The company's first product was a gasoline-powered delivery truck engineered by Ford and completed in January 1900. It received favorable coverage in a local newspaper, but was not without its flaws; it was slow, heavy, unreliable and complicated to manufacture. Later in life, Ford recalled this period as one that was driven by profit rather than innovation.

A catalog produced by Detroit Automobile Company in 1900 showed, with a cost analysis, that the automobile was cheaper to maintain and operate than a horse and vehicle. Little is known about the company's designs.

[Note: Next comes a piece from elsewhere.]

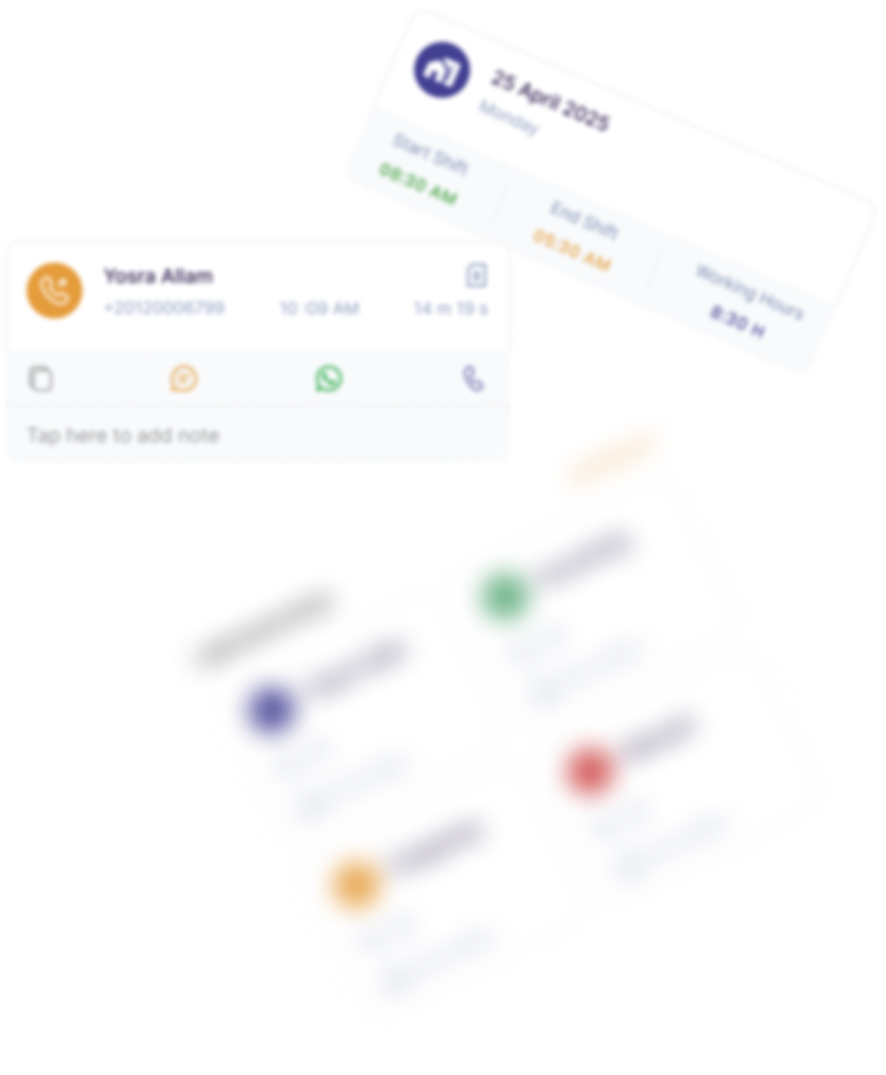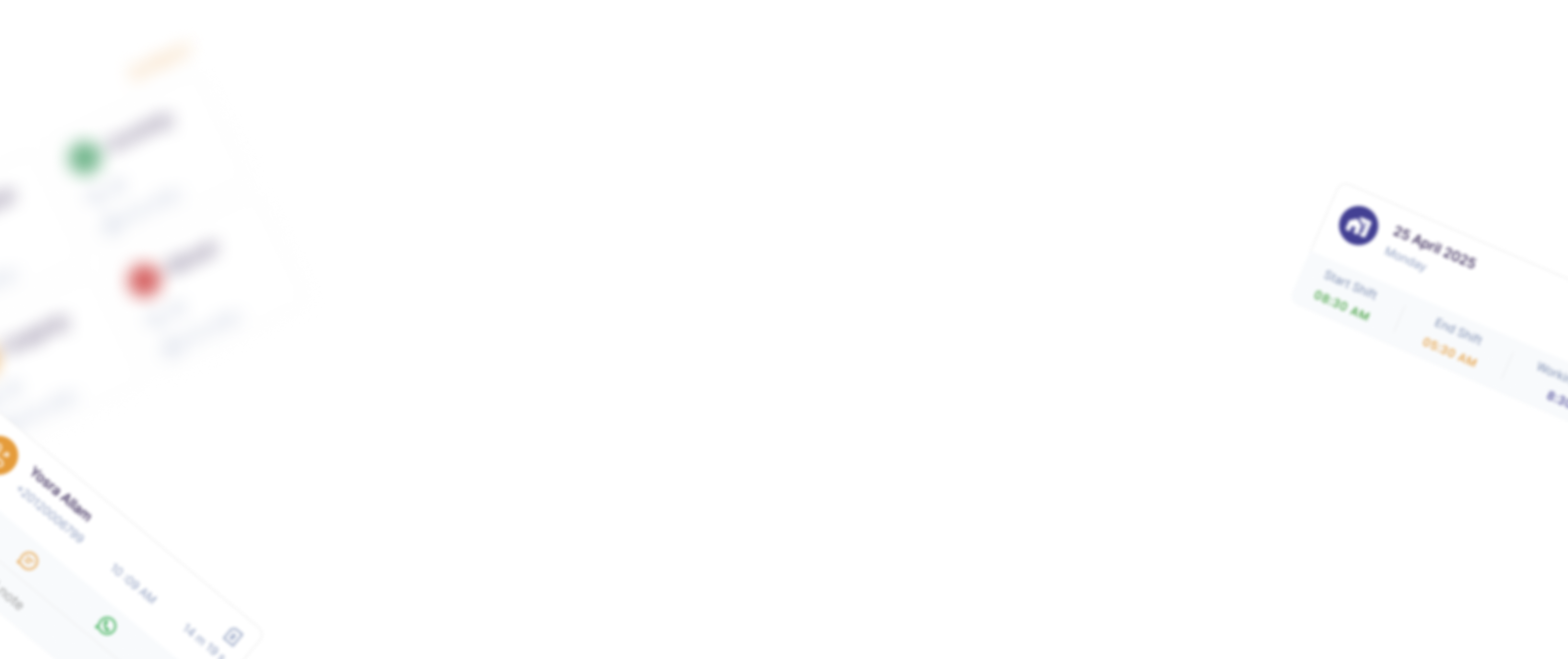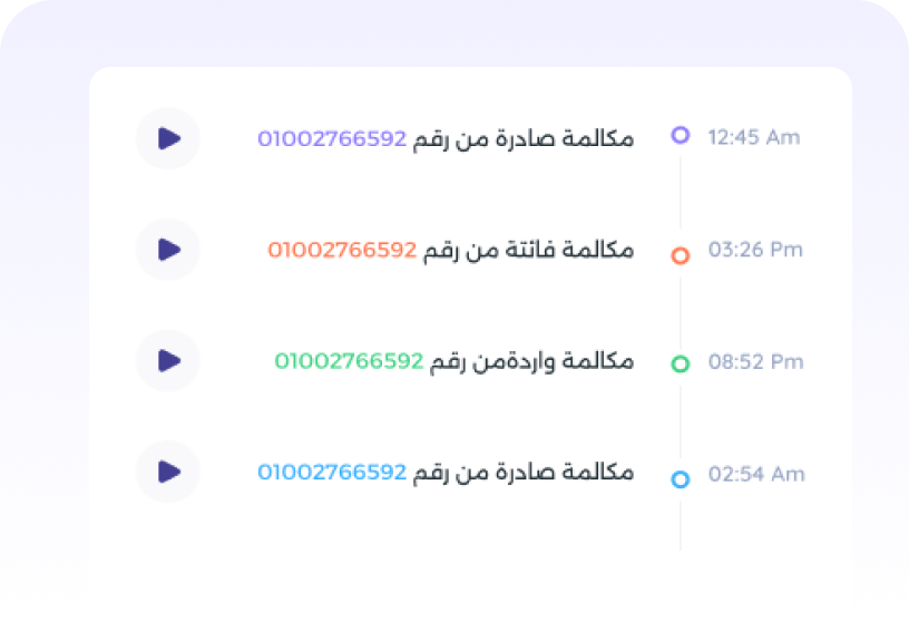 تتبع المكالمات، تسجيلها، متابعة الدوام، وجدولة أيام العمل – كل شيء تحت سيطرتك بدقة وسهولة.

Table 1. Detroit Automobile Car Costs
Automobile
| Original cost | $1,000 |
| Cost of operating, 1⁄4 cents per mile, 25 miles per day | $114 |
| New tires | $100 |
| Repairs | $50 |
| Painting vehicle four times | $100 |
|  | $1,364 |
Horse and Vehicle
| Original cost, horse, harness and vehicle | $500 |
| Cost of keeping horse five years | $1,200 |
| Shoeing the horse | $180 |
| Repairs on vehicle, including rubber tires | $150 |
| Repairs on harness, $10 per year | $50 |
| Painting vehicle four times | $100 |
|  | $2,180 |

=== Demise ===
The Detroit Automobile Company was reorganized into the Henry Ford Company on November 20, 1901, after Ford gained further backing from investors because of his racing success. It later became the Cadillac Company under the ownership of Henry Leland, who came in subsequently after Ford had left. The factory location for the Detroit Automobile Company is less than a mile away southeast from Mr. Ford's Piquette Avenue Plant, which opened four years later.